Development of filtering software and automatic rating tools for children at school in Japan

 

Akio Kokubu

Electronic Network Consortium and New Media Development Association

 

 

Development of filtering software and automatic rating tools for the harmful content on the Internet based on operational experiences of label bureau with the third party rating will be presented. Efforts to deploy filtering capabilities at school in Japan will be mentioned.

 

Summary

 

Since November 1996, the Electronic Network Consortium (ENC) has been promoting the use of a filtering function as a provision for children against inadequate information on the Internet. Together with the New Media Development Association (NMDA), a nonprofit foundation that functions as its secretariat, the ENC developed a filtering system conforming to the PICS specification and operated a database system (a label bureau complying with the PICS specification) for web page rating for three years. The rating system for the filtering is based on the extension of the RSACi rating system.

 

Following such work, the ENC released the second-generation label bureau and filtering system designed to provide more effectively for children against inadequate information on the Internet and started operations of the new system in May 1999.

 

The features of the system are as follows:

 

• The system features semi-automatic rating tools for the Internet content which effectively rates and labels content through not only the use of keyword analysis of text but also the use of the similar image recognition method for photographs.

 

• The system can link with other label bureaus and convert labels based on different labeling standards. With this function, the labeling coverage percentage on the Internet can be substantially raised.

 

• Development of a server-type filtering system complying with the PICS Rules specification, and provision of the filtering function as a public proxy server on the Internet and its distribution as a free software. These features facilitate the installation of the filtering system for users with a large number of computers, such as for teachers at schools, and for users which use browsers non-compliant with the PICS specification.

 

1.     Background and history

 

The Internet owes its present expansion to open and free use, and today comprises tremendous quantities of information and tens of millions of users throughout the world. Even now it continues to grow from strength to strength. However, by giving easy access to global information, it also allows the circulation of illegal and harmful content (hereinafter called “inadequate content”), causing serious social issues.

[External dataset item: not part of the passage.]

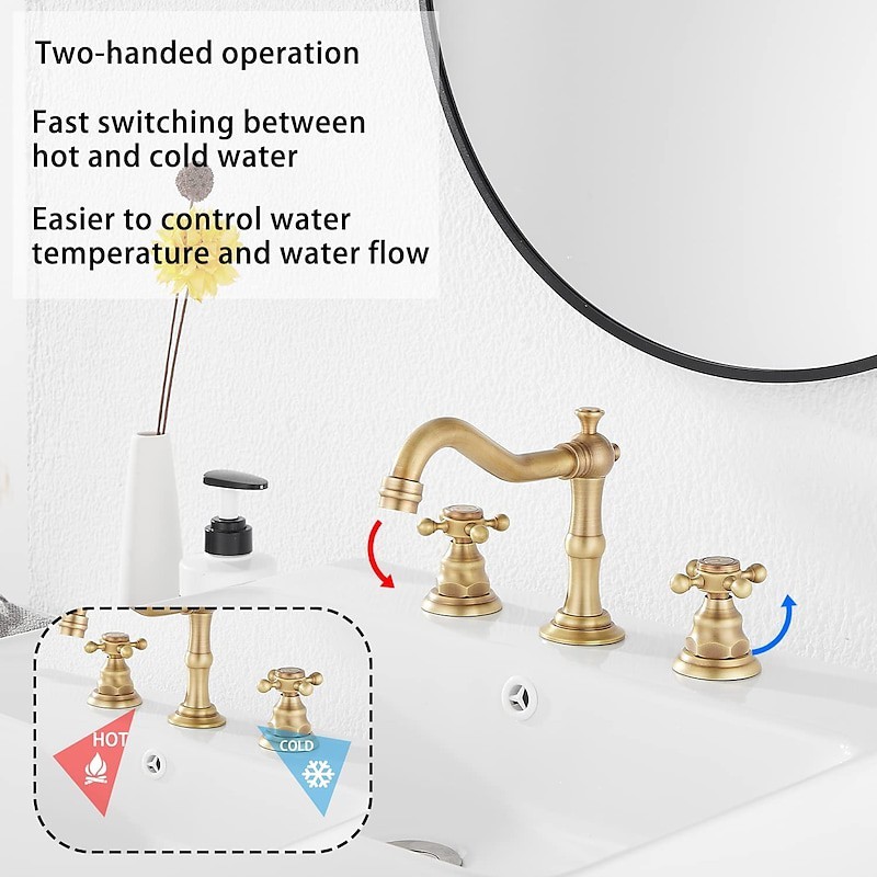 Features: Widespread, Faucet Type: Bathroom Sink Faucet, Installation Type: Widespread, Number Of Handles: Two Handles, Flow Rate (L/min): 2, Cold and Hot Switch: Yes, Valve Type: Ceramic Valve, Installation Holes and Handles: Two Handles Three Holes, Suitable Rooms: Bathroom, Special selected products: hot, COD,

The filtering function, by enabling Internet users to receive information selectively in accordance with their requirements, is a user-friendly information system that guarantees the users’ right to know and at the same time protect their children from unwanted information, while respecting the rights and freedom of content providers.

 

(1) Who is the ENC?

The Electronic Network Consortium (ENC) is a trade organization for major Internet service providers in Japan and exists to solve problems which Internet service providers encounter to when they operate services. It is a founding member of the Internet Content Rating Association (ICRA) and an associate member of the World Wide Web Consortium (W3C).

The ENC was established in October 1992 for the purpose of promoting online services in Japan and comprises 73 corporations, including leading Internet service providers, computer manufacturers and software houses, 14 special individual members including experts, and 24 local governments interested in public networks. The New Media Development Association (NMDA), a nonprofit foundation and an auxiliary organization of Ministry of International Trade and Industry, acts as the consortium's secretariat.

Some of work items are:

Ethical guidelines for running services

Recommended etiquette for users

Guidelines for protecting personal data

Filtering software & operation of a label

• Privacy information management systems

 

(2) What did the ENC work on the Internet content?

In order to give a solution to social issues on the Internet content, the ENC has been promoting the provision and dissemination of the PICS-compatible filtering capabilities (http://www.w3.org/PICS/) based on the extension of the internationally adopted RSACi rating system (http://www.icra.org/) and other rating systems since November 1996. The ENC has also been supporting and working cooperatively with Internet service providers to supply filtering software to users and to advocate the self-rating to content providers as a good manner. Together with the New Media Development Association (NMDA), which functions as its secretariat, the ENC developed a filtering system that conforms to the PICS specification and started operations of a database system (a label bureau complying with the PICS specification) for web page rating in September 1997.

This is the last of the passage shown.